A large amount of such highly charged toner accessing the cleaning blade accelerates the destruction of the block layer X. Once broken, the block layer X may be depleted in some areas in the longitudinal direction of the edge portion. The block layer X with some areas missing causes insufficient toner cleaning, allowing the toner to leak through, resulting in vertical streaks in the next pass of image formation.

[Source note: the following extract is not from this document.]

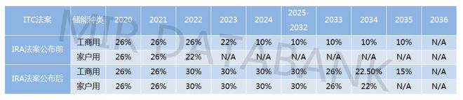美國IRA法案出臺(tái),獨(dú)立儲(chǔ)能納入ITC補(bǔ)貼范圍,并將ITC補(bǔ)貼有效期將持續(xù)到2033年,并將抵免劃分為基礎(chǔ)抵免+額外抵免。其中基礎(chǔ)抵免額度由之前的26%上升至30%,此前為逐年退坡。具體變化情況如下表:

The highly charged toner migrates and adheres to the intermediate transfer belt 31 when the toner image on the photosensitive member 1 is transferred to the intermediate transfer belt 31 by a bias voltage at the transfer position. The adhering highly charged toner builds up gradually as the image transfer progresses from upstream image forming units to downstream image forming units. The most downstream image forming unit in the transport direction of the intermediate transfer belt 31 (typically, the black image forming unit) is most susceptible to the influence of the toner images that have been formed in all the upstream image forming units. Therefore, the further downstream an image forming unit is located in the moving direction of the intermediate transfer belt 31, the more amount of highly charged toner is collected, and the more likely it is that faulty cleaning will occur due to depletion of the block layer X. Accordingly, to prevent faulty cleaning, it is necessary to restore the block layer X, even though it may be destroyed once, before the next image forming process. The necessity is higher in particular, the further downstream the image forming unit is in the direction of movement of the intermediate transfer belt.


Toner Discharge Sequence according to Embodiment


The timing of performing the toner discharge sequence in this embodiment will be described with reference to the flowchart of FIG. 1. The sequence starts at the time when the image forming apparatus 100 starts to operate. At step S101, the control unit 202 determines whether or not the time has come to carry out calibration based on the number of prints. The process ends when the control unit determines that it is not the time yet to perform calibration (S101=No).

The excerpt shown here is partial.